Eric Biggers June 13, 2019, 4:41 p.m. UTC | #3

On Thu, Jun 13, 2019 at 10:47:28AM +0200, Miklos Szeredi wrote:
> On Wed, Jun 12, 2019 at 11:43:13AM -0700, Eric Biggers wrote:
> > From: Eric Biggers <ebiggers@google.com>
> > 
> > sys_fsmount() needs to take a reference to the new mount when adding it
> > to the anonymous mount namespace.  Otherwise the filesystem can be
> > unmounted while it's still in use, as found by syzkaller.
> 
> So it needs one count for the file (which dentry_open() obtains) and one for the
> attachment into the anonymous namespace.  The latter one is dropped at cleanup
> time, so your patch appears to be correct at getting that ref.

Yes.

> 
> I wonder why such a blatant use-after-free was missed in normal testing.  RCU
> delayed freeing, I guess?

It's because mount freeing is delayed by task_work_add(), so normally the refcnt
would be dropped to -1 when the file is closed without problems.  The problems
only showed up if you took another reference, e.g. by fchdir().

> 
> How about this additional sanity checking patch?

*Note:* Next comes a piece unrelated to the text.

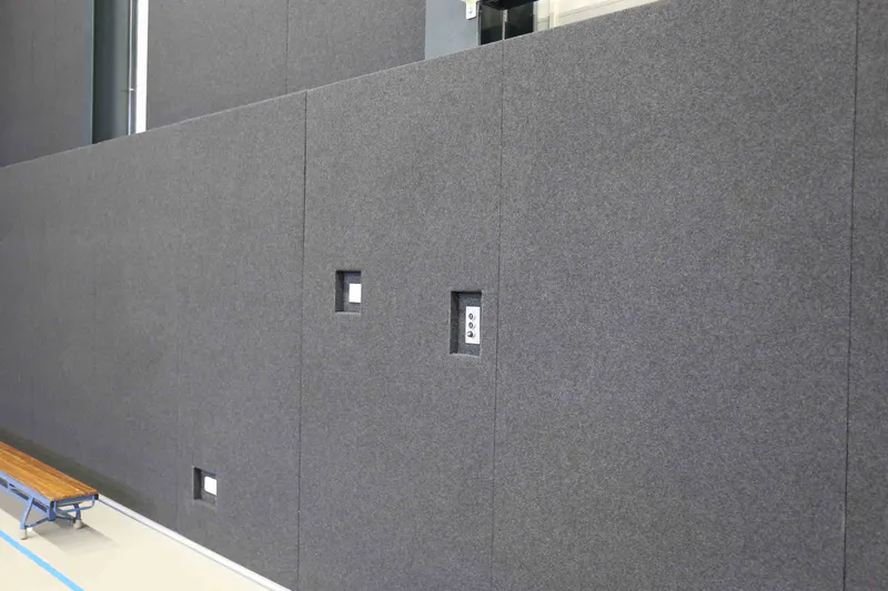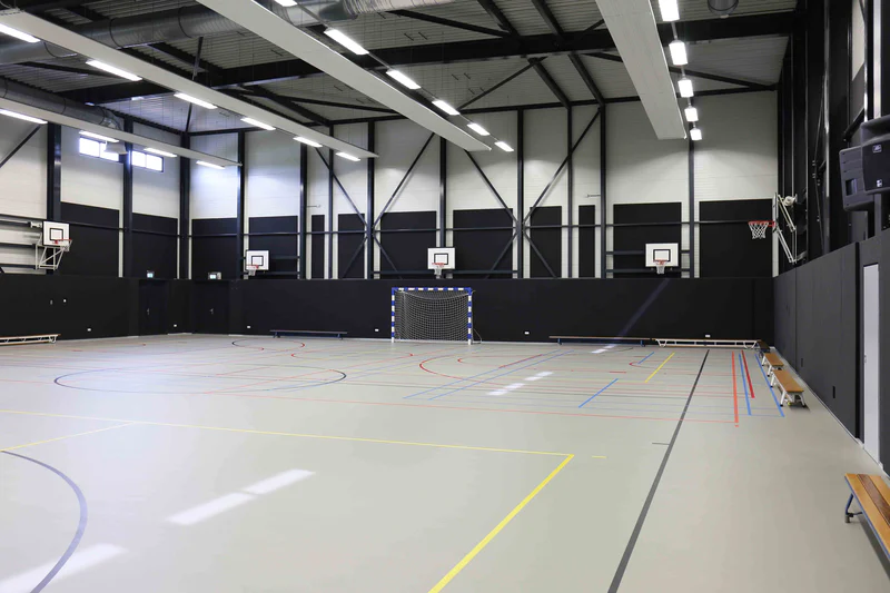 Scholengemeenschap Sophianum in het Limburgse Gulpen vroeg de akoestisch experts van Vilton Silent Building om een oplossing te vinden voor de galm in de sporthal. Ons advies: Softsonic 43 mm. De akoestische wandpanelen (in de kleur antraciet, de kleur van de huidige voorzetwand) zijn in onze eigen fabriek gemaakt en onze vakmensen hebben de panelen (in totaal 355 m²!) op de wanden bevestigd, zowel op de voorzetwand als de laag erboven. Doordat Softsonic vormvast is, licht in gewicht en zeer goede geluidsabsorberende eigenschappen heeft voldoet de gymzaal nu aan de normen van de KVLO.

Seems like a good idea.  Without my fix, the WARNING is triggered by the
following program (no fchdir() needed):

	int main(void)
	{
		int fs;

		fs = syscall(__NR_fsopen, "ramfs", 0);
		syscall(__NR_fsconfig, fs, 6, 0, 0, 0);
		syscall(__NR_fsmount, fs, 0, 0);
	}

Can you send it as a formal patch?

- Eric

Al Viro June 17, 2019, 9:34 p.m. UTC | #4

On Wed, Jun 12, 2019 at 11:43:13AM -0700, Eric Biggers wrote:
> From: Eric Biggers <ebiggers@google.com>
> 
> sys_fsmount() needs to take a reference to the new mount when adding it
> to the anonymous mount namespace.  Otherwise the filesystem can be
> unmounted while it's still in use, as found by syzkaller.
> 
> Reported-by: Mark Rutland <mark.rutland@arm.com>
> Reported-by: syzbot+99de05d099a170867f22@syzkaller.appspotmail.com
> Reported-by: syzbot+7008b8b8ba7df475fdc8@syzkaller.appspotmail.com
> Fixes: 93766fbd2696 ("vfs: syscall: Add fsmount() to create a mount for a superblock")
> Signed-off-by: Eric Biggers <ebiggers@google.com>
> ---
>  fs/namespace.c | 1 +
>  1 file changed, 1 insertion(+)
> 
> diff --git a/fs/namespace.c b/fs/namespace.c
> index b26778bdc236e..5dc137a22d406 100644
> --- a/fs/namespace.c
> +++ b/fs/namespace.c
> @@ -3445,6 +3445,7 @@ SYSCALL_DEFINE3(fsmount, int, fs_fd, unsigned int, flags,
>  	ns->root = mnt;
>  	ns->mounts = 1;
>  	list_add(&mnt->mnt_list, &ns->list);
> +	mntget(newmount.mnt);
>  
>  	/* Attach to an apparent O_PATH fd with a note that we need to unmount
>  	 * it, not just simply put it.

Nice catch...  Applied, with apologies for having been MIA lately.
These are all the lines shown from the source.